Li chiamano i «nativi precari». Sono gli italiani sotto i 30 anni, nati durante la crisi: «Loro non hanno conosciuto altro e sanno che il lavoro è e sarà sempre un problema». Uno studio dell’Iref, l’ente di ricerca delle Acli, li ha intervistati (i risultati nel libro curato da Gianfranco Zucca, Il ri(s)catto del presente, Rubettino) e ha scoperto che i nati negli anni ‘90 sono disposti a rinunciare ad alcuni diritti pur di ottenere (e mantenere) un posto di lavoro, ma anche per raggiungere una meta professionale.
È il «lavoro in deroga», come lo chiama Zucca. Che per i millennials significa rinunciare ad alcuni o anche a tutti i diritti pur di lavorare. La ricerca parla di «obbedienza preventiva alla precarietà», una sorta di imprinting per i nostri giovani «talmente incorporata nelle loro vite da far loro accettare in maniera preventiva le penalizzazioni del mercato del lavoro». Riguarda il 35% degli intervistati, percentuale che sale al 38% se l’under 30 non è laureato e vive in Italia, mentre tocca appena l’11,3% se vive all’estero: anche se «nativi precari», gli expat italiani fanno esperienza di un mercato del lavoro meno bloccato e quindi sono meno disposti a rinunce, come invece i coetanei rimasti in patria.

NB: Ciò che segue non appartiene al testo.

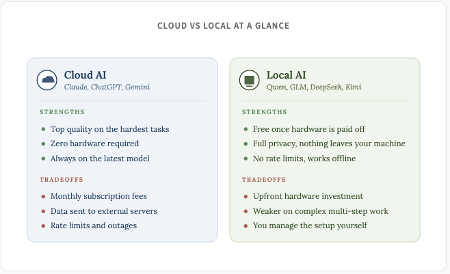 The right setup is both. Cloud for the hard stuff, local for everything else.

In generale, solo l’11,7% disobbedirebbe all’imprinting. Ma se poi si rischia il licenziamento ecco allora che solo il 32,8% non accetterebbe alcuna deroga. Perché almeno uno su due invece, pur di tenersi il posto, lavorerebbe nei giorni festivi, salterebbe le ferie (16,7%), rinuncerebbe a parte dello stipendio (12,4%), o ai giorni di malattia (10,5%).

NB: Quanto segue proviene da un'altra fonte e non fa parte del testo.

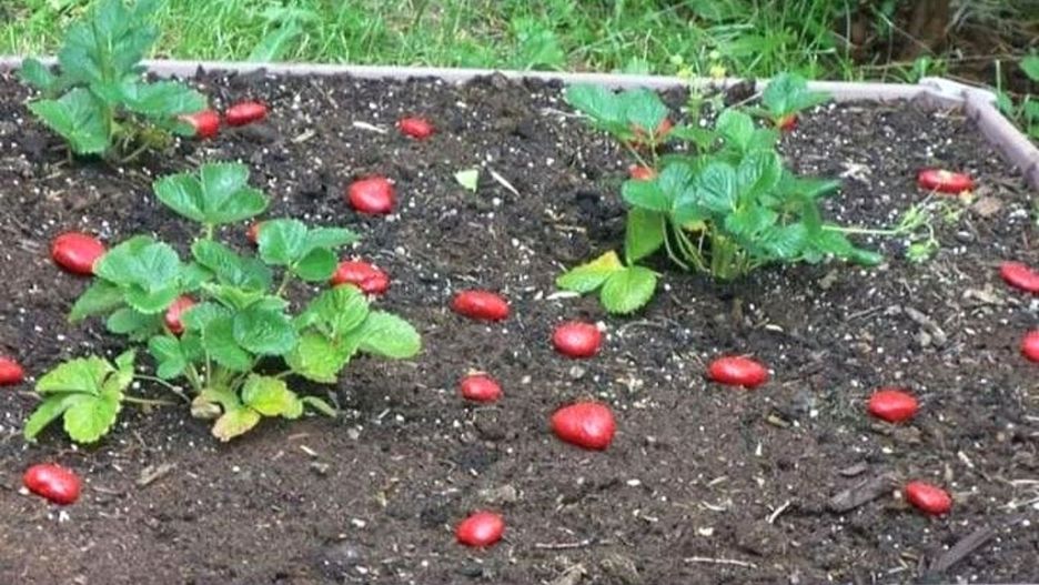 To super pomysł, którego autorem jest anonimowy ogrodnik - autor powyższego zdjęcia. Postanowił on, przed pojawieniem się owoców i warzyw na swoich grządkach, pomalować kilka garści kamieni na czerwono i rozrzucić je po swoim ogrodzie. Ptaki-szkodniki oczywiście jak tylko zauważyły soczyście czerwone "owoce", natychmiast spróbowały je zjeść. Oczywiście przygoda z kamieniami zakończyła się dla nich bardzo przykrym doznaniem. Na dodatek czerwone kamienie sprawiły, że ptaki zapamiętały, że z owocami z tego ogródka jest coś nie tak i od tej pory go omijają.

Ma c’è deroga e deroga. Perché va considerata la rinuncia per «il lavoro dei sogni». Ecco, spiega ancora Zucca, «per i millennials le rinunce fanno parte del progetto professionale, è la gavetta di una volta: solo che per gli expat dura un periodo, mentre per chi resta non finisce mai». Per un po’, si rinuncerebbe anche allo stipendio (33,2%) o ci si accontenterebbe di una retribuzione bassa (34,6%), perché, dice Zucca «in questo sistema, il pagamento è solo una delle forme di retribuzione». E per realizzare i propri sogni può andare bene lavorare nel tempo libero (38%), per più ore (43%) e a casa (41,9%). Compromessi accettati soprattutto e di più da non laureati, «i più istruiti sono più resilienti», ma per tutti, riflette Zucca, «c’è una frustrazione mista a disillusione, un autoconvincimento che questo sia l’unico dei mondi possibili e l’unica soluzione sia l’adattamento». Soluzioni? Intanto, «un maggiore orientamento all’ingresso del mercato del lavoro fin dalla scuola», e poi, soprattutto, «meccanismi sistematici più aperti e trasparenti: in Italia il lavoro si trova ancora troppo quasi solo per conoscenze».